1-(3-Fluoro-4-(trifluoromethoxy)phenyl)-3-(1-(2-hydroxy-2-methylbutanoyl)piperidin-4-yl)urea (2, Minor EC5026 Metabolite)

To a solution of the 1-(3-fluoro-4-(trifluoromethoxy)phenyl)-3-(piperidin-4-yl)urea 5 (100 mg, 0.31 mmol) and 2-hydroxy-2-methylbutanoic acid (40 mg, 0.34 mmol) in DMF (3 mL) was added PyBOP (208 mg, 0.40 mmol) followed by Et3N (66 μL, 0.47 mmol) at 0 °C. The reaction mixture was allowed to slowly warm to room temperature and stirred overnight. The solvent was removed in vacuo ,and the residue was purified by column chromatography (3:7 Hexanes-EtOAc containing 5% MeOH) to give the title compound, 107 mg (82%, purity = 98.92) as a white solid. mp 188.2–189.9 °C. 1H NMR (600 MHz, DMSO-d): δ 1H NMR (599 MHz, DMSO-d6) δ 8.75 (s, 1H), 7.67 (dd, J = 13.3, 2.5 Hz, 1H), 7.39 (t, J = 9.0 Hz, 1H), 7.11 (d, J = 8.9 Hz, 1H), 6.38 (d, J = 7.6 Hz, 1H), 5.22 (s, 1H), 4.75–4.13 (m, 2H), 3.75–3.66 (m, 1H), 3.25–3.18 (m, 1H), 2.82 (br s, 1H), 1.91–1.77 (m, 3H), 1.74–1.53 (m, 2H), 1.35–1.22 (m, 4H), 0.80 (t, J = 7.3 Hz, 3H). MS (ESI) m/z: 420.1566 (M – H)−.

Chronic Constriction Injury Model of Neuropathy

All animal experiments were performed based on protocols approved by the Animal Use and Care Committee of Antibody, Inc. Sprague–Dawley rats (male, 250–300 g) were purchased from Charles River Laboratories.

Pain Attenuation in a Chronic Constriction Injury Model of Neuropathy

Male SD rats underwent a chronic constriction injury surgery where 4 ligatures were loosely tied around the sciatic nerve. The rats were allowed to heal for 14 days and tested for allodynia in a von Frey assay. At 21 days post injury rats were treated via oral gavage with PEG 300 (vehicle), EC5026 or pregabalin as indicated and followed over a 6-h time course. The AUCs were calculated with the trapezoidal method for each animal and the average of the group reported ± SEM (n = 6–8/group). Kruskal–Wallis One Way Analysis of Variance on Ranks, H = 21.011 with three degrees of freedom with Dunn’s Method post hoc. EC5026 vs Peg300 (p ≤ 0.001), EC5026 vs pregabalin 30 (p = 0.039).

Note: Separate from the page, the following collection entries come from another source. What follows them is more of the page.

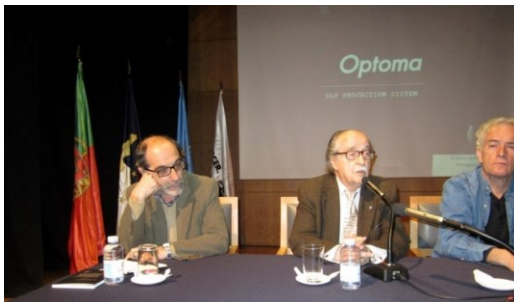
17º LAGOA 2012
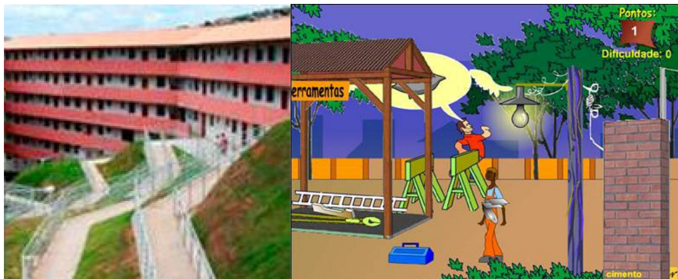
kép09 | kép10
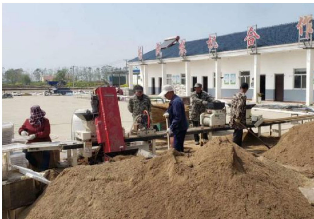
图为我县为农民专业合作社育秧流水线现场。

组织各育秧点迅速开展育秧工作。积极开展育秧准备宣传督促工作;组织工作人员走进田头督促机插秧面积、机具落实工作;有计划、有针对地开展机插秧实用技术培训。
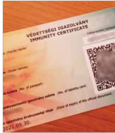
A védettségi igazolvány azonban továbbra is fontos, hiszen az újranyitott intézményekbe egyelőre ez jelenti a belépőt!

A Magyar Hírlap úgy tudja, hogy az applikáció a postai úton küldött kártyákhoz képest több információt mutat majd a regisztrálást követően. Szerepelni fog rajta, hogy az alkalmazás használója mikor kapta meg a vakcinát, valamint az első és a második oltás időpontja is látható lesz. Ez pedig fontos lehet bizonyos országoknál, ahol a beutazás feltétele a teljes védettség, amely a legtöbb oltóanyag esetében két dózis után számítható. A második oltás után az applikációban frissülni fognak az adatok. A Magyar Hírlap információi szerint az alkalmazás emellett mutatni fogja a kapott vakcina típusát is.
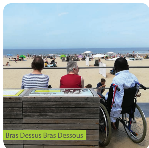
Bras Dessus Bras Dessous

30 demandes spécifiques d'aides administratives ou logistiques, directement traitées et/ou réorientées vers un partenaire.
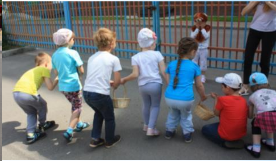
Подвижная игра «У медведя во бору»
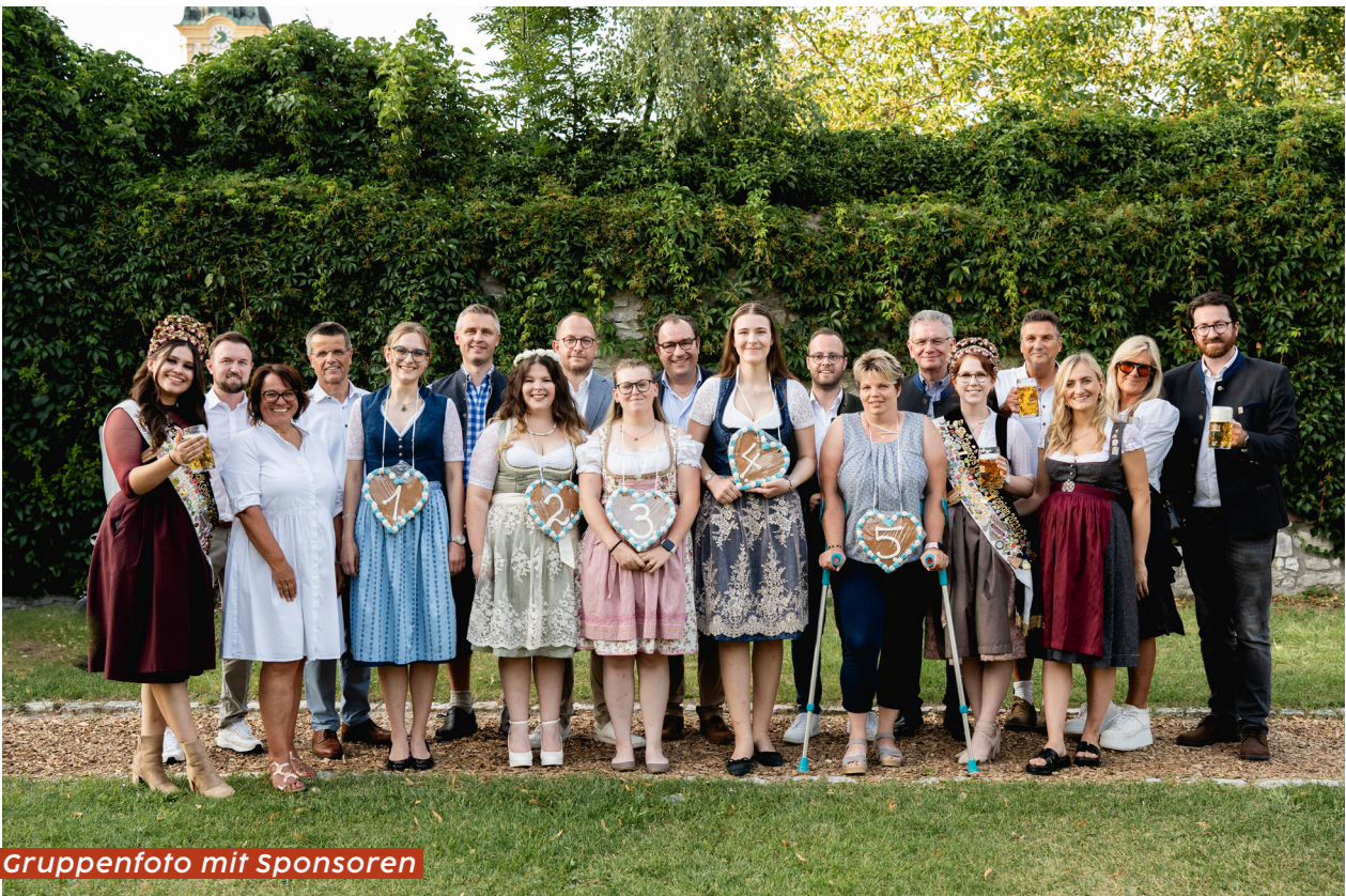
Gruppenfoto mit Sponsoren

Blocking Withdrawal Pain in Morphine-Dependent Rats

Male SD rats were made morphine tolerant with twice daily treatment of 10 mg/kg s.c. morphine. After 10 days the morphine was withheld, and opioid withdrawal pain was measured with a von Frey assay 18 h after the last morphine dose. The opioid withdrawal baselines decreased 49% from pain-free naïve baseline scores. Rats were then dosed with vehicle or EC5026 (n = 4/group) via oral gavage and assessed for mechanical withdrawal thresholds at 30 min and 1 h post dose. Mann–Whitney Rank Sum Test, U Statistic = 10.0, T = 90.0 n(small) = 8, n(big) = 8, P(exact) = 0.021.